A variety of data will be gathered, from tree species to ground cover to canopy density collected with a densiometer, from 30 sites within the 16 forest management units at Wolter Woods and Prairies.

Assessing Bat Responses to Weather and Climate Variation

This project will assess phenological and activity responses of Iowa's nine bat species to short-term weather variation and long-term climate change. It's one of three projects at Wolter Woods and Prairies that will use AudioMoths, devices that record audible and ultrasonic frequencies, and Kaleidoscope Pro, software that allows users to sort, label, and identify bat identifications, bird songs, and frog calls.

Professor Zuercher and his students will utilize AudioMoths to record the vocalizations of bats at Wolter Woods and Prairies as well as similar sites in eastern Iowa. Recordings will begin at dusk and continue through dawn. They will be analyzed through Kaleidoscope Pro and modeled with local weather data for within-season assessment of bat responses to variation in conditions and for long-term responses to shifts in climate.

Measuring Bird Communities in Fragmented Landscapes

Guided by Professor Zuercher, this student research will assess the temporal and spatial variation of birds in response to fragmented forest and prairie habitats by comparing phenology and composition of the bird community at Wolter Woods and Prairies with bird communities from similar sites in eastern Iowa.

AudioMoths will record birds during the day and night, and Kaleidoscope Pro will analyze the recordings. Results will be modeled with forest fragment size, tree density, and canopy cover to evaluate the role of forest metrics on bird communities.

Detecting Phenological Shifts in Frog Calling Through Acoustic Monitoring

This project will investigate whether the onset of frog chorusing has shifted over recent years and whether those shifts correlate with local climate data that will be collected from the weather station.

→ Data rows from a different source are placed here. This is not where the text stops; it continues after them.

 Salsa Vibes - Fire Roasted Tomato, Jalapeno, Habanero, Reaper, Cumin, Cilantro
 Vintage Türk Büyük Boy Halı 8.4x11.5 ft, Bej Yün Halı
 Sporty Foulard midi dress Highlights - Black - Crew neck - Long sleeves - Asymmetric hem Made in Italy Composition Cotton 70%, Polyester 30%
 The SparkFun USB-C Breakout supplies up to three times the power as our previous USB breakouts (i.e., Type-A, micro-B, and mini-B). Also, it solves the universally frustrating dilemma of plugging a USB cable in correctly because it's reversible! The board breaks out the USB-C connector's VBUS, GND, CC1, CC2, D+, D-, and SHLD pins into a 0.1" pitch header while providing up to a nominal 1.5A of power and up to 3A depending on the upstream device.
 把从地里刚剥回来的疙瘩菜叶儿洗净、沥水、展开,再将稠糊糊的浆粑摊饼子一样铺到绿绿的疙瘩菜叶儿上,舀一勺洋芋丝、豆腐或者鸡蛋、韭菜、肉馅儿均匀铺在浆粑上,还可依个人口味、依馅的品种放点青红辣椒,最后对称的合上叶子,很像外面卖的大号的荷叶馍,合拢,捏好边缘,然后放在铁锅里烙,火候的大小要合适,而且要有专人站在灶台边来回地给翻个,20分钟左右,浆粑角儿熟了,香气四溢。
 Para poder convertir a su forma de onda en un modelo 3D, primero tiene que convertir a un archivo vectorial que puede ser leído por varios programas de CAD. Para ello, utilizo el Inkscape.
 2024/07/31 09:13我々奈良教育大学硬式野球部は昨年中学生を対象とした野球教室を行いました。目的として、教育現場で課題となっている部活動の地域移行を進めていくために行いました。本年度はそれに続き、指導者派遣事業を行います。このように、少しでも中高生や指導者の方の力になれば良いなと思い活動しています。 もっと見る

Nolan Bielinski, PhD, assistant professor of biology, and his students will use AudioMoths throughout the day and night to capture frog chorusing and Kaleidoscope Pro to identify species and quantify call intensity. The project will produce immediate ecological insights and a longitudinal baseline for tracking future climate-linked shifts. It will also establish long-term amphibian soundscape monitoring programs in Iowa's Driftless Area.

Longitudinal Assessment of Prairie Soil Microbial Resilience to Prescribed Fire at Wolter Woods and Prairies

Adam Kleinschmit, PhD, associate professor of biology, will mentor students in prairie conservation and land management through traditional field and microbial ecology at Wolter Woods and Prairies. The project will also develop longitudinal research to investigate how the frequency of prescribed low-intensity fire influences composition, diversity, and resiliency of soil bacterial communities in reconstructed tallgrass prairies of Wolter Woods and Prairies to guide prairie management decisions.

Research will be conducted at Memorial Prairie on the site, a mesic tallgrass native prairie reconstructed from former row-cropped land in 2010. The site is managed as five distinct parcels under a long-term prescribed burn regime. Each parcel includes a non-burn subplot for comparisons to fire intervention within the plot. During prescribed fires, high-temperature probes will be deployed in non-burned and burned subplots to quantitively assess burn intensity. Point-in-time measurements will be obtained from soil cores taken at pre-burn, seven days post-burn, and 60-days post-burn samples to assess how fire influences the chemical and physical properties of soil.